Thursday, March 28, 2024

As online banking booms, firms urged to heed lessons of Bangladesh Bank heist

With the Covid-19 pandemic pushing online banking and cashless transactions to unprecedented popularity, a security firm is asking the public to remember the lessons of the infamous Bangladesh Bank cyberheist.

In that improbable online robbery, a total of $81 million was siphoned off from the central bank of Bangladesh from its account at the Federal Reserve Bank in New York and then illegally transferred to banks in the Philippines and Sri Lanka. The money sent to the Sri Lankan banks was recovered but those wired to the Philippines were not.

Cybersecurity firm Kaspersky said that cyberheist in 2016 should prompt business organizations to put up another layer of security to prevent the incident of that scale from happening again.

Kaspersky noted that in the cyberheist, a sophisticated cybercrime gang called Lazarus was able to compromise the bank’s network seven months prior to the day the bank’s own security team requested an incident response.

The Lazarus group was able to cast a wide net of attacks, culminating to the 2016 incident. Before the attack, the group already had exploits undertaken in several financial institutions, investment companies, and even crypto-based businesses across Indonesia, Malaysia, Thailand, Vietnam, and many others.

“More than four years after the world has witnessed one of the most successful cyber heist to date, it is essential for banks and related institutions in Southeast Asia to understand how they can leverage on threat intelligence to foil any sophisticated attempts against their systems,” said Yeo Siang Tiong, general manager for Southeast Asia at Kaspersky.

Kaspersky said deploying a “threat intelligence” solution in the organization’s security information system can prevent any illegal activity from taking place.

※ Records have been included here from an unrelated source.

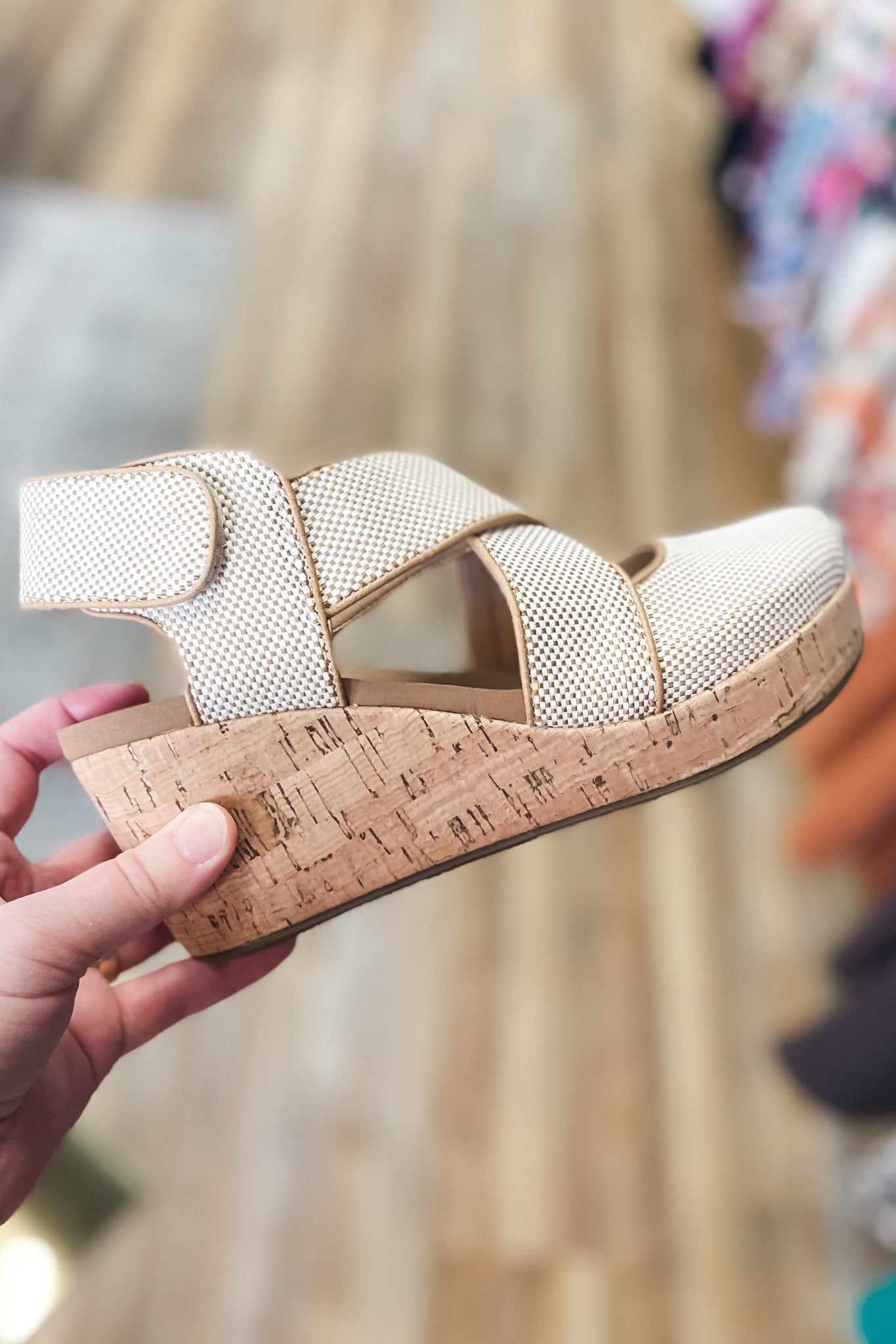Featuring a closed toe style (ahem - you won't have to worry about your pedicure) with criss cross straps and wrap around velcro closure - so easy to put on and take off. A 2.5" wedge heel with a 1" platform and the cushioned memory foam insole for all day comfort!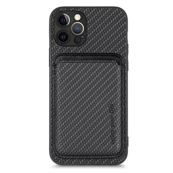 For iPhone 12 Pro Carbon Fiber Magnetic Card Bag Phone Case(Black)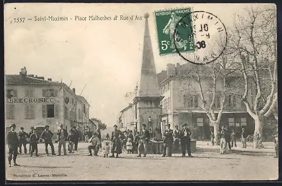 AK Saint-Maximin, Place Malherbes et Rue d`Aix animée avec passants et obélisque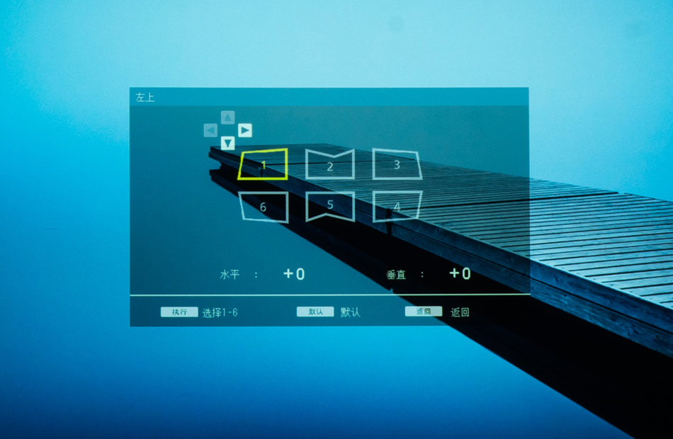 它支持6点及四角独立校正功能,无论是转角墙面还是柱状投影,都能通过遥控器轻松完成调节。
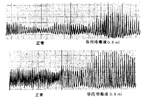 2.3 导泻排毒液对家兔离体肠平滑肌的影响(见表3,图1):实验表明,导泻排毒液能使肠管肌张力明显增加,收缩幅度增大,离体肠蠕动增强,与对照组比较有非常显著性差异(P<0.01)。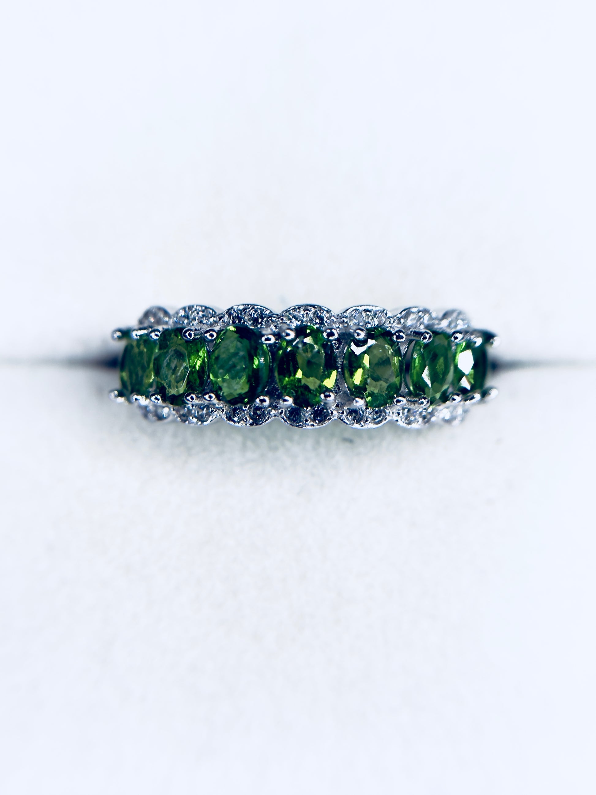A rare and vibrant diopside set in genuine .925 sterling silver. This adjustable ring radiates deep emerald-green energy, known for its powerful heart-healing and emotional renewal properties—a striking piece for both elegance and spiritual connection.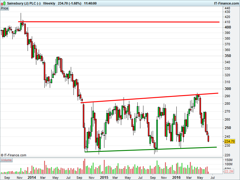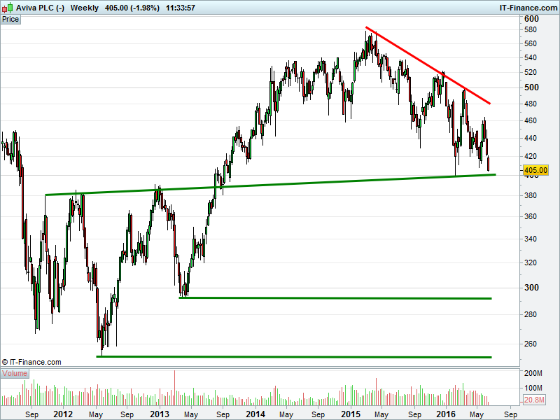 1. Will the price fall towards lows of 300p (-15%)? or;

At the same time, the cybersecurity staff said employees must be subjected to regular security training sessions since “spear phishing” attacks remain prevalent and effective up to this day.

“The past offers us warnings which we must heed to be able to build a safer today. This applies to the financial sector and all other organizations especially when it comes to cybersecurity,” Tiong said.

The executive said Kaspersky’s cybersecurity researchers have been monitoring the various hacker groups for many years now. It then feeds this information to its software to allow its clients to raise their organization’s security level a step further.

“Through this intelligence, our solutions can detect the possible malware they may use suppose they try to get into a banking system. We can block them, analyze the malicious file, and alert the organization’s IT team on which tactics and techniques to look out for based on the group’s previous attack behavior, saving possible multi-million losses financially and professionally,” he said.